There'd have to be "full load" policies as well as some sort of rationing ... it's hardly as though most of the ppl "paying for" the downside are themselves frequent fliers ... or even fliers at all.
I fail to understand the necessity of vacations abroad to the extent of several flights a year.
The whole untrammeled growth thing is also all bound up in income inequality. Both coming and going.
Hi Barry,
As I stare at the plastic container holding my breakfast yogurt, I note the (relatively new) calorie labelling and wonder if governments couldn’t mandate ‘catbon labelling’ for all travel tickets. At a minimum it may raise awareness? It might empower consumers a bit more and allow companies that book travel to differentiate their offerings based on environmental impact. If it was evenly applied based on something like an iso company audit, maybe based on practices, inputs and equipment and ranked/rewarded companies within a category like airlines and was per-product it might even help incent and be ‘one more thing’ added to the pile of things that together will help a bit.
Why are we not talking about airships, which seem to represent a no-emissions way to fly? Not as fast as a jetliner, but far more pleasant, according to the historical record. I've written about this possibility here: https://thegreeninterview.com/blog/2019/06/19/the-green-way-to-fly/
Silver Donald Cameron
What are the practical alternatives to travel by jet plane? Are there less polluting alternatives? More efficient aircraft? Dirigibles? Video conferencing in lieu of travel?

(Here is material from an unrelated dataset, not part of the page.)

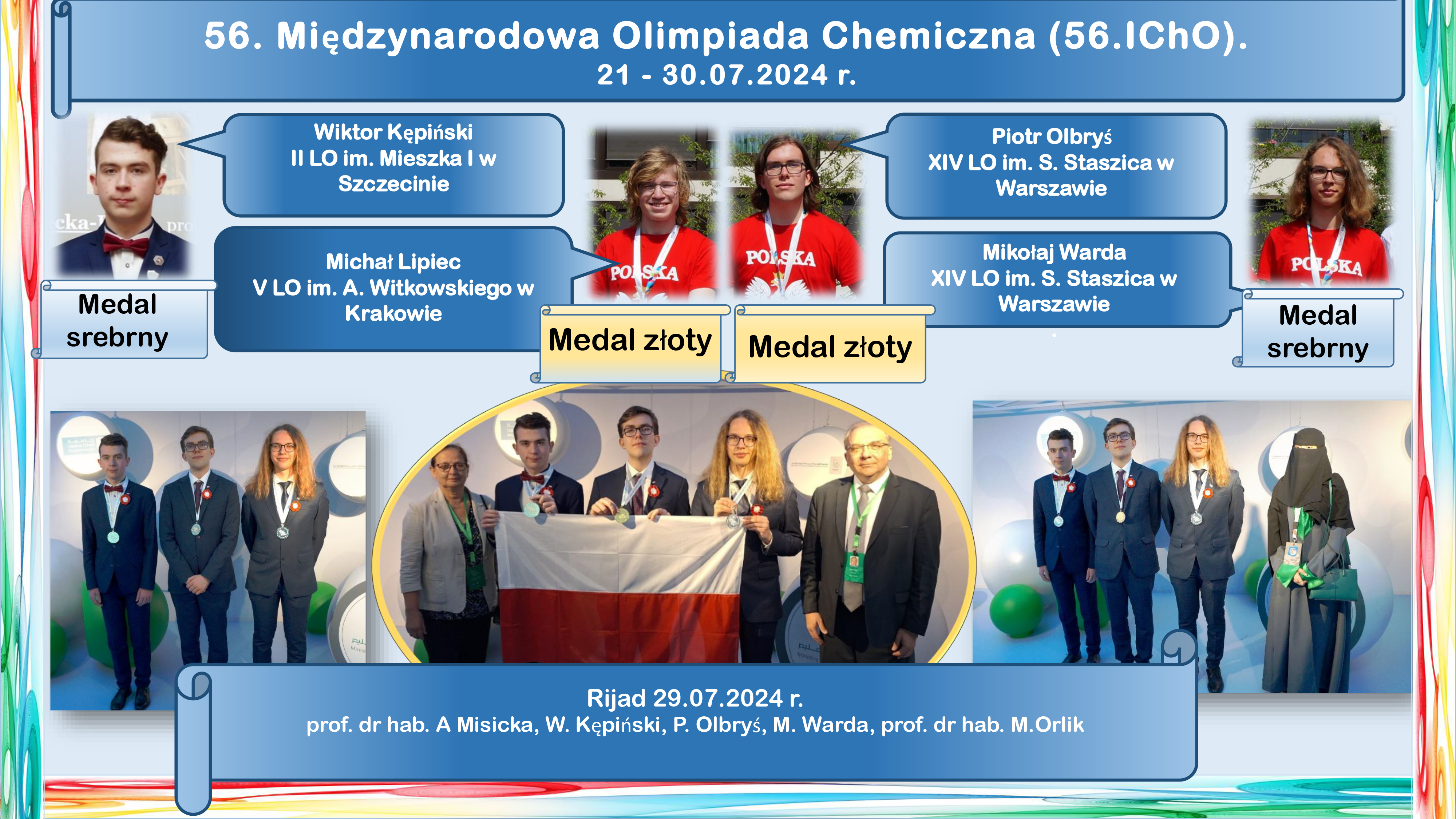 Dwa złote i dwa srebrne medale zdobyli polscy uczniowie podczas 56. Międzynarodowej Olimpiady Chemicznej w Rijadzie w Arabii Saudyjskiej. W tegorocznych zawodach udział wzięło 327 uczniów, reprezentujących 84 kraje oraz ok. 300 ich mentorów i ponad 300 wolontariuszy i pracowników przygotowujących i nadzorujących prawidłowy przebieg zawodów.

Return to trains and passenger ships?
What else? Which alternatives are growing in use? What incentives are required to shift the growth away from jet planes to more responsible alternatives?

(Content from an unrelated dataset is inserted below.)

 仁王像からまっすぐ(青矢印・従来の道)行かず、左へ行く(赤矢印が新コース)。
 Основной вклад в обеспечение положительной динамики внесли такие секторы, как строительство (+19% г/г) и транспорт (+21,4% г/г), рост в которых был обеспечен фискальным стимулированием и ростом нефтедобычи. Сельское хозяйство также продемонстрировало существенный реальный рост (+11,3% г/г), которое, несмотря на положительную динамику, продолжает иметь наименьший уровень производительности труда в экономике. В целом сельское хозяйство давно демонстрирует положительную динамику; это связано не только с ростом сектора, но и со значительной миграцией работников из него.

I used to believe there would come a day when governments would have no choice, in order to save the planet from impending doom, but to impose bans on non-essential air travel. I no longer believe that. They lack the collective balls to do anything approaching such a progressive move. And the mindless hedonists who only want to get to the sun as many times as they possibly can, with zero thought for the consequences, wouldn't stand for it, anyway. There'd be revolution in the streets. Which raises the question.....are we worth saving? www.PlanetInPeril.ca
Problem occurs when you do not have a level playing field, put a price on carbon, then let the market decide what technologies to use, since 1992 we have seen the result of setting reduction goals that have no real consequences, low hanging fruit is picked, but that was likely to happen anyway.
Your article is insightful Barry, but I wonder why you do not raise the possibility in the future of using Clean Electricity to produce Hydrogen to power planes?..I realize that we are not there yet, but the technology seems to be just around the corner. It would eliminate the release of C02 gasses in the Upper Atmosphere and be much more easily adapted to existing technologies of flight.

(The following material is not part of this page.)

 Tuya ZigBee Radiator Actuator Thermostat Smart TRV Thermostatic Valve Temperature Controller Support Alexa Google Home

Clean hydrogen to power planes has been just around the corner since 1975 (pic at https://www.quora.com/Is-zero-emission-air-travel-possible/answer/Graha… . Note the allocation of space within the fuselage).
Nuclear-generated kerosene, generated from atmospheric CO2 and water, would eliminate the carbon footprint. The high-altitude water vapour footprint would still exist. How serious that is, I'm not certain, but if it's very serious, a solution to it that also is a slight improvement on kerosene, both in mass *and in volume*, exists.